Meteor yok olunca kız aniden ışını kesti. Yüzüğü kullanmanın etkisiyle kendini yere bıraktı. Domanic bütün gücüyle kıza koştu. Yere eğilip kızı kucakladı. Hızla üsse yürümeye başladı. Kapıyı tekmeyle açıp aktarım noktasına geçti. Kızı bırakmadan odanın hava dolmasını bekledi. Kapı açılınca karşısına gülümseyen Ariel'i gördü. Ama baygın kızı görünce onun da suratı düştü. Birlikte ilk yardım odasına koşup sedyeye yatırdılar. İkisinin de ağzından tek kelime çıkmıyordu. Sadece işlerine odaklanmışlardı. Ariel tam kızın uzay kıyafetini açacaktı ki bir el hızla kollarını kavrayıp itti. Kız kanlı gözlerini sonuna kadar açmış Ariel'e bakmaktaydı. Kısa bir bakışmadan sonra kollarıyla kendini kaldırarak dikelmeye çalıştı. Domanic ile Ariel izlemekten başka bir şey yapmıyorlardı. Kız nihayet oturur pozisyona gelince ikisine de göz gezdirip rahat bir nefes verdi. Kısa bir bakışmanın sonunda kız:
"Hota-a,e gü-eknuczi" dedi. Ariel önce kıza sonra Domanic'e manasız gözlerle bakıp yavaşça kıza yaklaştı. Korkutmamaya özen göstererek:
"İsmim Ariel, o da Domanic." dedi ve Domanic'i işaret etti.
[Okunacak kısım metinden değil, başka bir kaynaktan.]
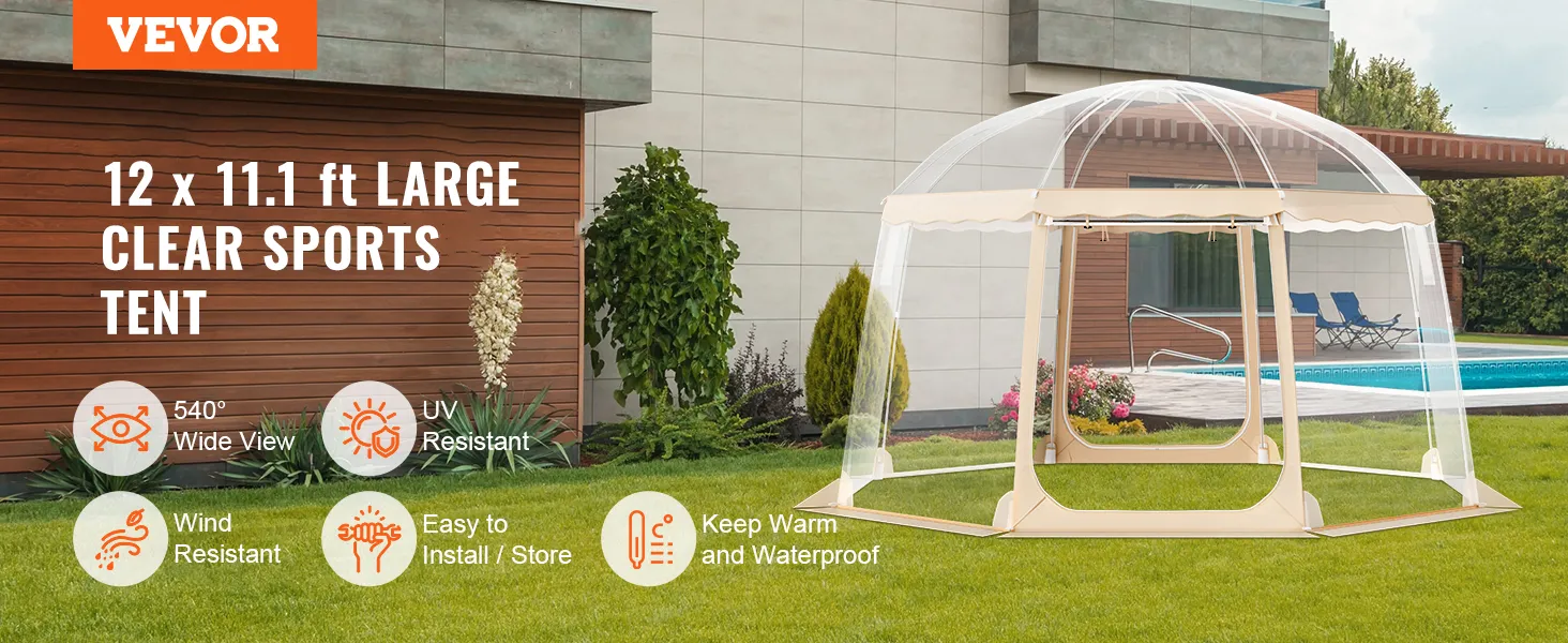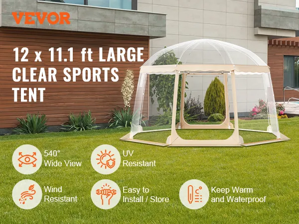 VEVOR Sporttent, 8-10 personen, gebruiksklare pop-uptent, weerbestendige capsule, buitenbubbeltent met helder zicht, luifel met airconditioning voor voetbal, American football, softbal en andere sportevenementen en parades

"Bizi meteordan kurtardığın için teşekkürler." dedi. Kız hala anlamsız gözlerle bakıyordu ama Ariel teşekkür edince başını salladı. Ardından Ariel geri çekilip:
"Senin ismin ne?" dedi. Kız korkmuş bir şekilde kurumuş dudaklarını araladı ve:
"Marry." dedi.
ŞİMDİ OKUDUĞUN
Ray Part 2
RandomEvrende üç ırk yaşamını sürmektedir. Bunlar Nux, Jark ve Hork olarak üçe ayrılmakta. Hork olarak doğup sonradan Nux olan ilk örnek Bart, Nux ırkının ayrıcalıklarını kaldıramaz. Öğrendiği gerçeklerle birlikte güç Bart'ı delirtir. Artık dünya onun...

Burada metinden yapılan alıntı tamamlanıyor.